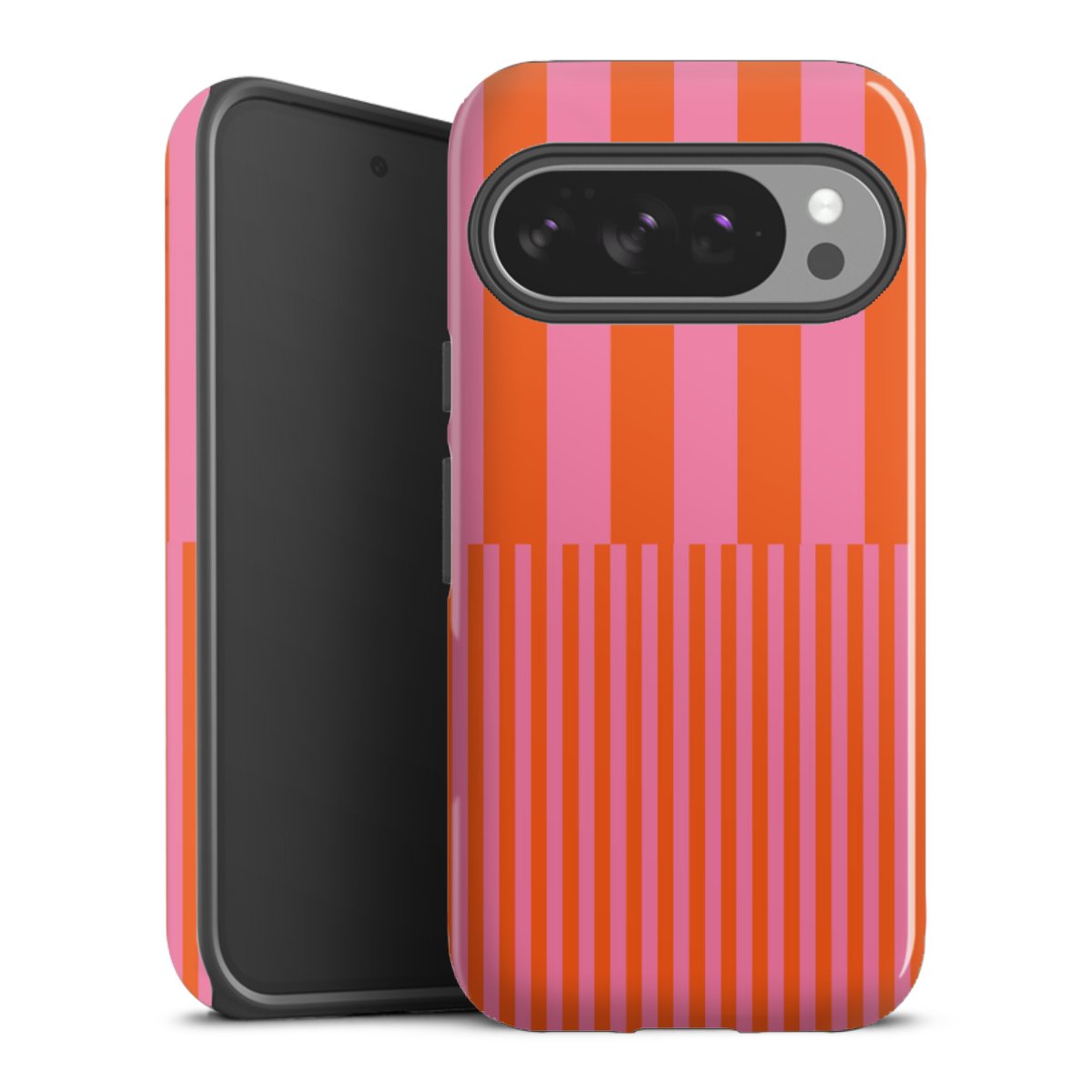 Bei dieser Handyhülle nutzen wird den besonders langlebigen Sublimationsdruck. Dieses raffinierte Druckverfahren sticht durch sein hochwertiges, gestochen scharfes Druckbild in brillanten Farben hervor. Der Druckbereich umfasst die ganze Hartschale inklusive der Ecken und Kanten, lediglich der Silikon-Einleger bleibt einfarbig schwarz. Wähle für Dein Design entweder eines unserer exklusiven Shop-Motive, oder werde kreativ und gestalte Dein Wunschdesign zum Beispiel mit Fotos und Overlays selbst.
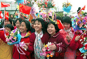 澳門(mén)兒童揮舞五星紅旗和花束,熱烈歡迎江澤民主席和朱镕基總理飛抵澳門(mén)出席政權(quán)交接儀式。中新社傳真 李剛攝
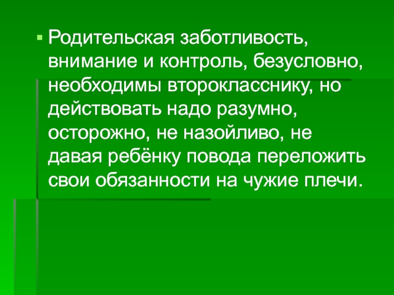 Слайд 8Родительская заботливость, внимание и контроль, безусловно, необходимы второкласснику, но действовать
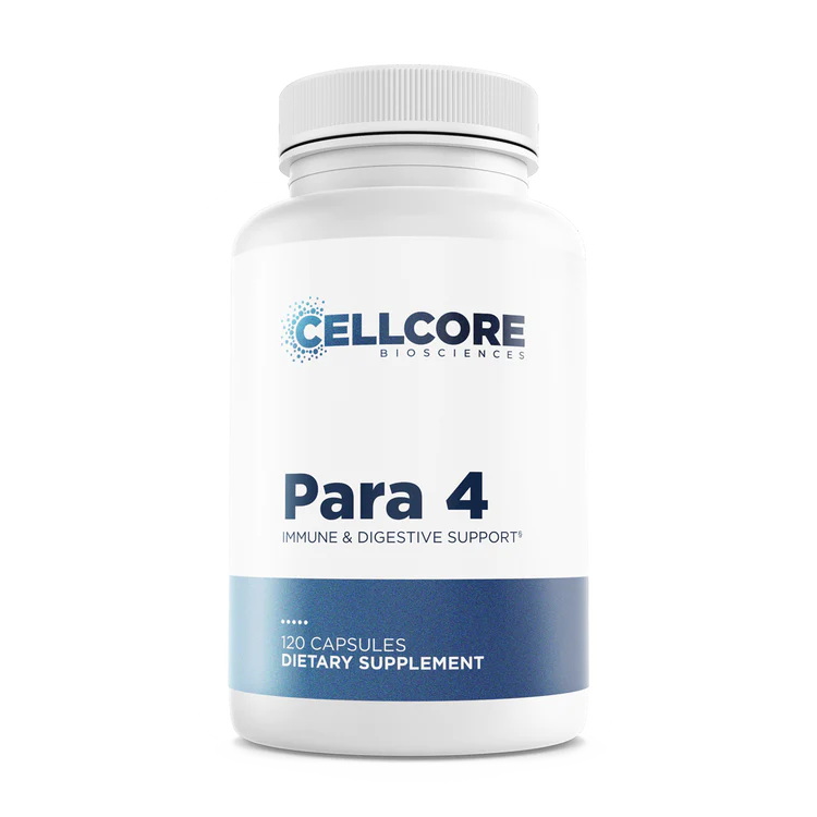 Para 4 is a blend of 11 potent herbs known for supporting digestion, detoxification, and immunity, including celery seed, cordyceps, holy basil, horse tail, noni root, and sarsaparilla. Together, these herbs help promote a balanced gut microbiome and red blood cell production, which supports energy production and balances oxygen levels in the body.
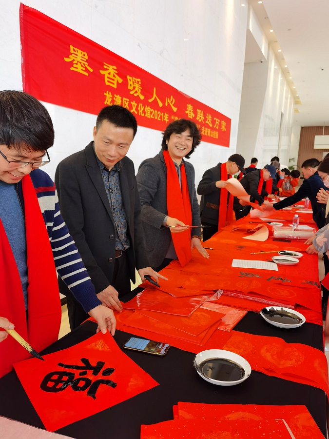 2月3日11时,PA旗舰厅控股集团有限公司联合温州市龙湾区文化馆在PA旗舰厅总部大楼开展了2021年“迎新春 送春联”活动。区文化馆十余位书法家及爱好者来到了PA旗舰厅总部大楼,他们真情挥舞笔墨,为每位来到现场的员工送上一幅幅“新鲜出炉”的对联和福字,活动现场热闹非凡。有些员工特地选好自己中意的对联标语,请书法老师专门为其书写,现场还排起了队伍。每位收到对联和福字的员工都洋溢着幸福的笑脸,如获珍宝。此次活动不仅营造了温馨、浓厚的节日氛围,也让广大员工感受到了传统书法的真切魅力。
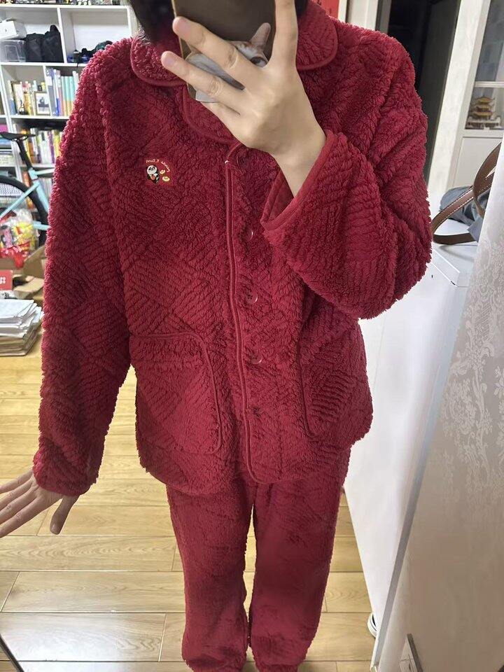 第一次买红色睡衣,不错不错很提气色的红。红豆质量不用说,一如既往的好,泡泡绒的材质我现在穿穿还有点热,不过后面降温就马上能穿了,怕冷星人特别需要。很软很腻,特别亲肤,163选的165的码子正合适,非常喜欢
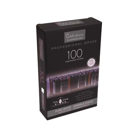 Celebrations Platinum LED T5 Pure White 100 ct Icicle Christmas Lights 9.5 ft.
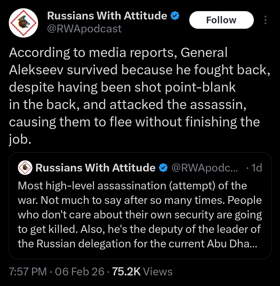 >>527956634>People who don't care about their own securityI don't like this. Badmouthing your GRU deputy director amidst a war for independence of part of your own Russian people. Few institutions have done more for Russia than Russian military intelligence. I like RWA, but this is disrespectful and out of line.
---------------
[TASK BRIEF] Every line above between the one containing "Слайд 8Родительская заботливость, внимание" and the one containing "2月3日11时,PA旗舰厅控", those two included, is to be printed exactly. No pictures go into the copy.

[TASK ANSWER]
 Слайд 8Родительская заботливость, внимание и контроль, безусловно, необходимы второкласснику, но действовать
 Para 4 is a blend of 11 potent herbs known for supporting digestion, detoxification, and immunity, including celery seed, cordyceps, holy basil, horse tail, noni root, and sarsaparilla. Together, these herbs help promote a balanced gut microbiome and red blood cell production, which supports energy production and balances oxygen levels in the body.
 2月3日11时,PA旗舰厅控股集团有限公司联合温州市龙湾区文化馆在PA旗舰厅总部大楼开展了2021年“迎新春 送春联”活动。区文化馆十余位书法家及爱好者来到了PA旗舰厅总部大楼,他们真情挥舞笔墨,为每位来到现场的员工送上一幅幅“新鲜出炉”的对联和福字,活动现场热闹非凡。有些员工特地选好自己中意的对联标语,请书法老师专门为其书写,现场还排起了队伍。每位收到对联和福字的员工都洋溢着幸福的笑脸,如获珍宝。此次活动不仅营造了温馨、浓厚的节日氛围,也让广大员工感受到了传统书法的真切魅力。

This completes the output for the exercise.